If It’s ‘Apartheid,’ Then Who’s the Palestinian Mandela?
Of all humanistic disciplines, history is the easiest to exploit for the advancement of one’s political worldviews. Former president Jimmy Carter’s recent book, “Palestine: Peace Not Apartheid,” is an interesting case in point.
Carter compares Israel’s policies toward the Palestinians to the notorious system of racial segregation that was imposed on blacks in South Africa. He is not the first to make such a comparison. Advocates of the Palestinian cause regularly raise the South African analogy. But Carter is the first prominent, mainstream American to make the comparison.
Since the term “apartheid” stirs up a host of bitter, angry associations, it is important to probe Carter’s accusation carefully.

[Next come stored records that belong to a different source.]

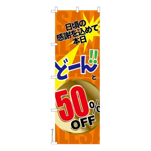 商品名「のぼり旗 どーんと50%OFF3 既製品のぼり 高品質デザイン【メール便可】」
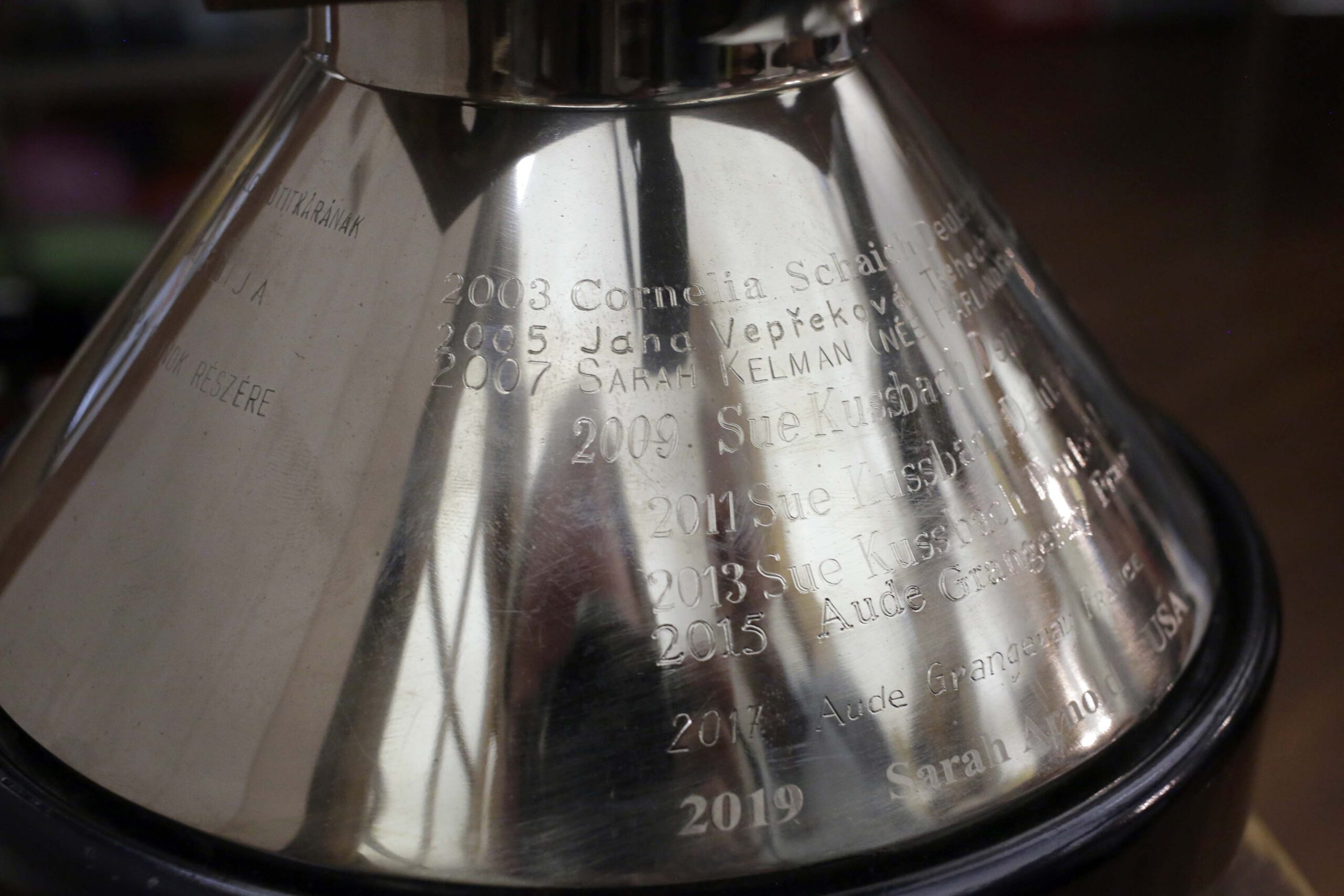 Als Dankeschön für den spannenden Bericht gab’s einen Blumenstrauß vom Verein und in fröhlicher Runde die Bewunderung des Pokals. Es ist ein Wanderpokal – und jede Gewinnerin wird mit Namen und Jahr eingraviert. Wir sind ganz schön stolz, eine Weltmeisterin im Verein zu haben – und jetzt auch noch mehrfache Weltmeisterin!
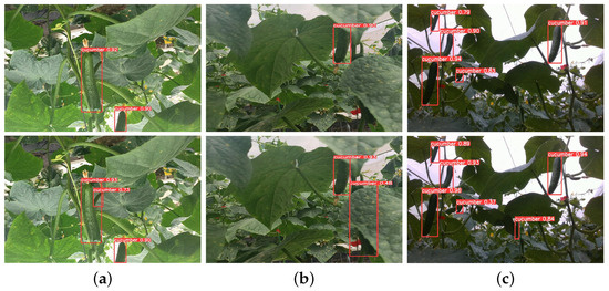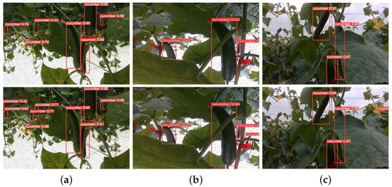 Comparison of detection results on small cucumbers between YOLOv8_n and LMS-Res-YOLO. The first row shows the detection results of YOLOv8_n, and the second row shows the detection results of LMS-Res-YOLO. (a) Small cucumbers at the edge of FOV and occluded small cucumbers. (b) Occluded small cucumbers. (c) Small cucumbers at the edge of FOV.
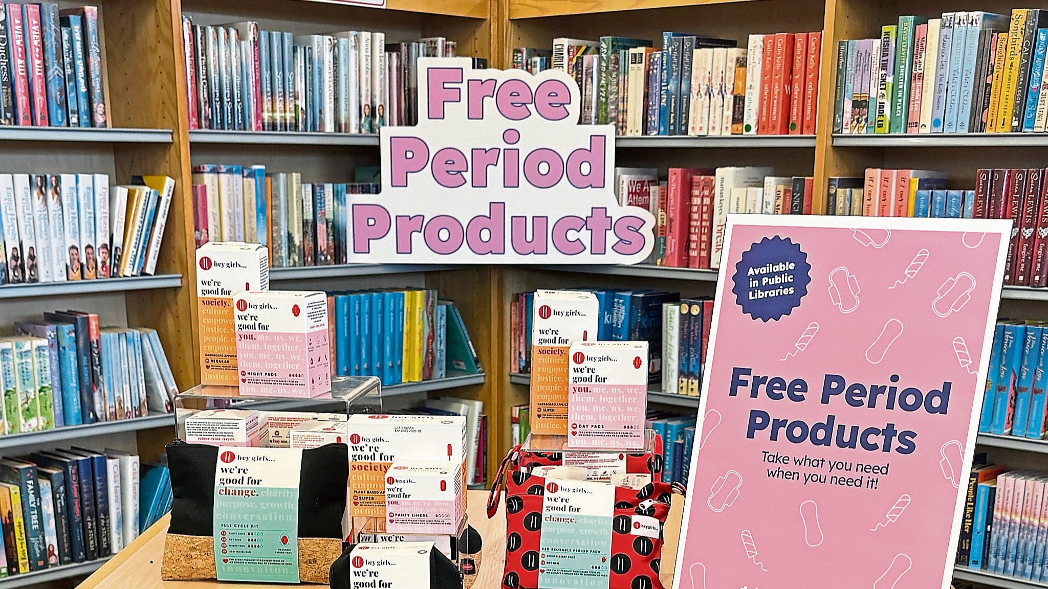 “A range of items, including pads, tampons and liners, is available in local libraries and can be picked up easily and discreetly by anyone who needs them, including those collecting for others.
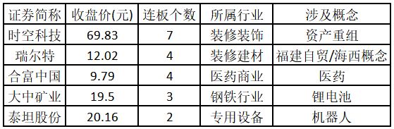 从连板情况来看,今日首板个股有48只;2连板的个股有5只;3连板及以上的个股有4只。今日连板数排名前5的个股包括时空科技、瑞尔特、合富中国、大中矿业、泰坦股份,具体如下表所示。
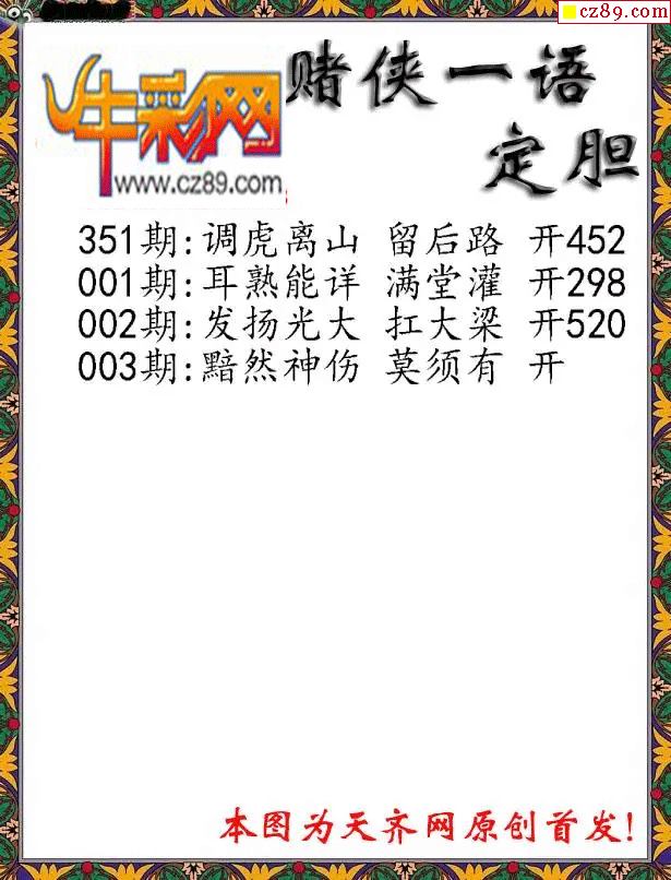 福彩3D2026003期彩赌侠一句定三码字图谜

The charge is not without merit. Key aspects of Israel’s occupation of Palestine are, indeed, analogous to the practices of South Africa’s National Party: A system of separate roads and road blocks facilitates the free travel of Jews while curtailing the movement of Arabs; the members of one group live in well-groomed, heavily subsidized communities, while many members of the other group live in degrading poverty.
In addition, young Palestinian are routinely detained without trial, often for prolonged periods of time. These detentions are justified by repeated government declarations of a state of emergency, just as similar arrests were rationalized in South Africa. Like South African courts, Israeli tribunals have been lenient with soldiers and policemen accused of committing human rights violations, failing, in essence, to exercise judicial review over the application of political power.

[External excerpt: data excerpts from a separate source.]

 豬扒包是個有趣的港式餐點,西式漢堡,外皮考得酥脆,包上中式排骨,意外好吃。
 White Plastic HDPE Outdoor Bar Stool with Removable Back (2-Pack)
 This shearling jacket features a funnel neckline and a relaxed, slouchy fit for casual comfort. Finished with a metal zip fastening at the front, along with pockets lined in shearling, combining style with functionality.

These similarities are frightening and should worry anyone who cares about Israel’s commitment to democracy. And yet, Carter and many Palestinians use the South African analogy selectively. The comparison suffers from a glaring omission: If many of Israel’s policies resemble the practices of the white government in South Africa, how do the Palestinian armed organizations measure up to the South African resistance movement, the African National Congress?
For one thing, although both the ANC and the Palestinian organizations have targeted civilians, the ANC did so more sporadically and more reluctantly than the Palestine Liberation Organization, Hamas and Islamic Jihad. For almost five decades after its establishment, the ANC espoused nonviolence, arguing that armed struggle would alienate whites.

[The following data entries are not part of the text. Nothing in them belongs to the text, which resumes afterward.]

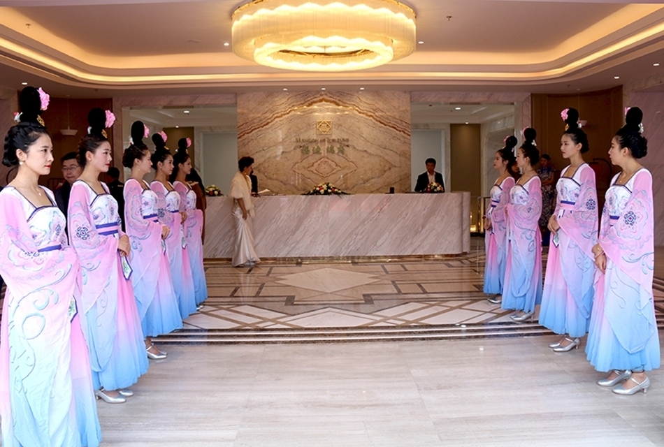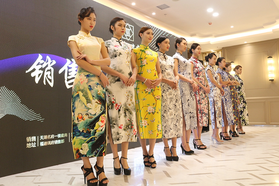 ▲傳統(tǒng)旗袍展示彰顯新中式豪宅典范
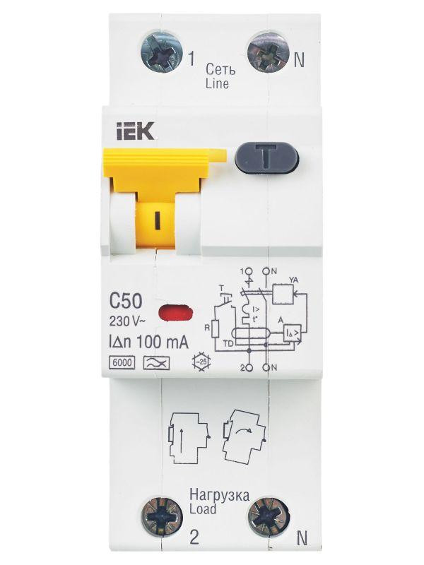 Выключатель автоматический дифференциального тока 2п (1P+N) C 50А 100мА тип A 6кА АВДТ-32 KARAT IEK MAD22-5-050-C-100 IEK
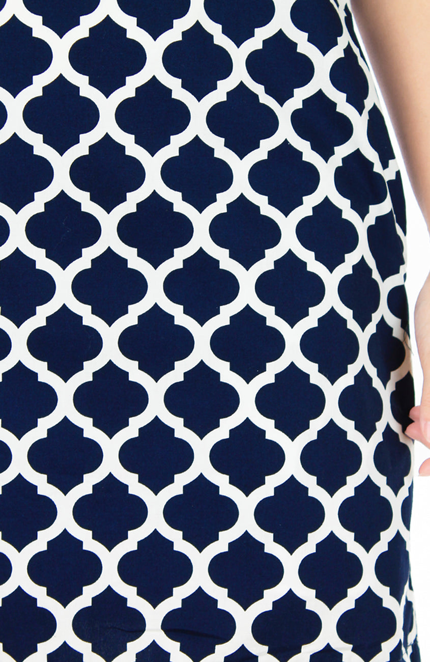 Every clothing choice tells something about your personality - so what will this dark blue and white Moroccan mosaic patterned dress say of your style? Between its shift dress design, notched neckline and hidden pockets, this piece reveals you’re unique as can be! Made with two-layers of 100% cotton fabric for maximum comfort, this dress features a notched neckline, short sleeves, hidden back zip and secret pockets at each hip. Machine washable (no colour bleed). Hand wash for initial wash.
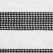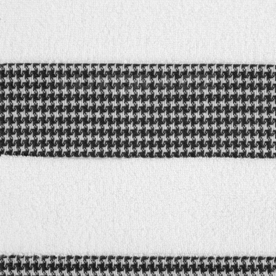 - Vysoce savé a jemné osušky a ručníky bílé barvy, které lemuje vzor tmavěšedo-bílého pepita. Ve stejném vzoru je i ozdobná bordura v dolní části osušek a ručníků.
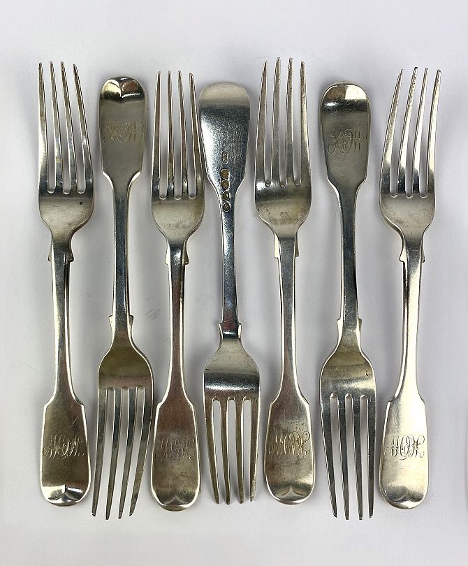 A matched set of seven fiddle patten table forks, London 1845 and 1853, 11.25 ozs combined.
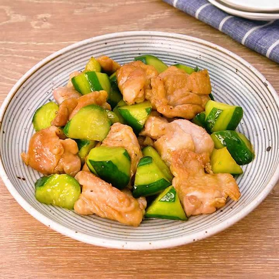 フライパンにごま油を入れて中火で熱し、鶏肉を皮目を下に入れて焼き色がつくまで焼く。肉に火が通るまで3〜4分炒め、きゅうりを加えて油がなじむまで手早く炒める。☆を加えて照りが出るまで炒め合わせる。
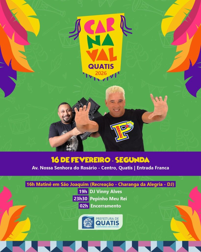 A noite terá o retorno de Pepinho Meu Rei, que já se apresentou em Quatis, além de matinê para a criançada no distrito de São Joaquim. Confira o que vai rolar na segundona de Carnaval Quatis 2026:

The ANC adopted armed resistance in the early 1960s only after its repeated attempts to negotiate had failed. For several years, the group restricted itself to acts of sabotage against property. It was only when this policy proved fruitless that the organization turned against security forces and, eventually, against civilians.
The Palestinian armed factions, by contrast, have shown little interest in nonviolence. The more extreme organizations have consistently refused to distinguish between Israeli military personnel and civilians. They have targeted women and children, for much longer, much more consistently and with far more devastating results than the ANC.
Furthermore, the leadership of the ANC forcefully pursued compromise with whites when the opportunity for peace arose in the early 1990s. The Palestinians, on the other hand, snubbed the dramatic peace proposals put forth by President Bill Clinton and Prime Minister Ehud Barak in the summer of 2000. While the ANC remained committed to a peaceful settlement with whites in South Africa throughout the struggle against apartheid, the Palestinians have voted into power a government that refuses to recognize Israel’s right to exist, has called for its destruction and has aligned itself with Holocaust-denying Iran and its Lebanese client Hezbollah.
If historical analogies are to be politically instructive, those making them must consider all aspects of the case under discussion, not only those parallels that bolster their agendas. The struggle against apartheid in South Africa can, in fact, teach us valuable lessons about the Middle East conflict.
It can show us that war does not end before both sides give up on the maximal formulation of their claims. It suggests that enemies who acknowledge and account for their record of human rights abuses are likelier to reconcile than those who insist on burying the past. It indicates that peace depends on a rare mixture of fatigue among combatants, daring local leadership and significant international pressure.
Perhaps most importantly, the South African analogy shows us that hate is not a force of nature beyond the reach of human influence. As Nelson Mandela so eloquently put it: “No one is born hating another person. People must learn to hate, and if they can learn to hate, they can be taught to love.”
Americans, Israelis and Palestinians could benefit greatly from studying South Africa’s tortured past. But as long as we are focused on simply exploiting history to win arguments, these lessons are likely to be lost.
Nir Eisikovits, a professor of philosophy at Suffolk University, is a fellow at the International Institute for Mediation and Historical Conciliation.